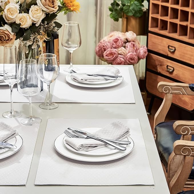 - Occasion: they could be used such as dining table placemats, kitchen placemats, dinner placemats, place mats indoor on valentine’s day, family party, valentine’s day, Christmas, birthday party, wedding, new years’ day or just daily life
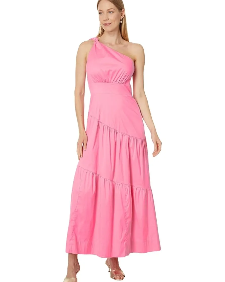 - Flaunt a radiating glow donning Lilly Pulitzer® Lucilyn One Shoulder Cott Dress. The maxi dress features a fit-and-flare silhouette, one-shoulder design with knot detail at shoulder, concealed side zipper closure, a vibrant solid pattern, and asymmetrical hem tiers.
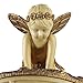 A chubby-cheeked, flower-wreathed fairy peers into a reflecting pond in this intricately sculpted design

--

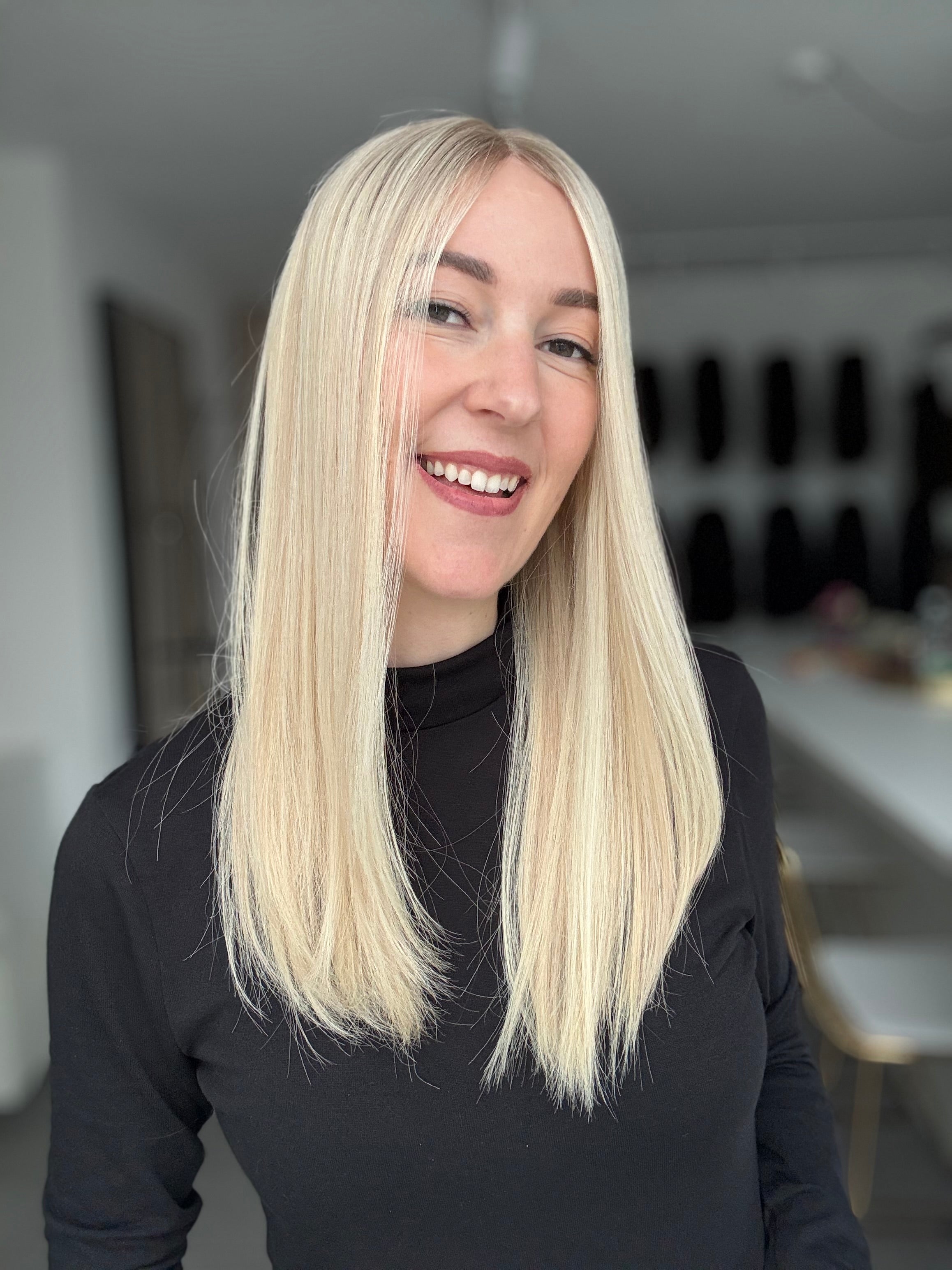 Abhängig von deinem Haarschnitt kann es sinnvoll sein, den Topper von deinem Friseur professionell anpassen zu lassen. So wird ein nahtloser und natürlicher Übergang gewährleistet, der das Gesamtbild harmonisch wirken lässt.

— Problem —
Nothing but the lines from the one with "- Occasion: they" up to and including the one with "A chubby-cheeked, flower-wreathed" should be printed, exactly as they read above. Please keep the pictures out.

— Response for this exercise —
 - Occasion: they could be used such as dining table placemats, kitchen placemats, dinner placemats, place mats indoor on valentine’s day, family party, valentine’s day, Christmas, birthday party, wedding, new years’ day or just daily life
 - Flaunt a radiating glow donning Lilly Pulitzer® Lucilyn One Shoulder Cott Dress. The maxi dress features a fit-and-flare silhouette, one-shoulder design with knot detail at shoulder, concealed side zipper closure, a vibrant solid pattern, and asymmetrical hem tiers.
 A chubby-cheeked, flower-wreathed fairy peers into a reflecting pond in this intricately sculpted design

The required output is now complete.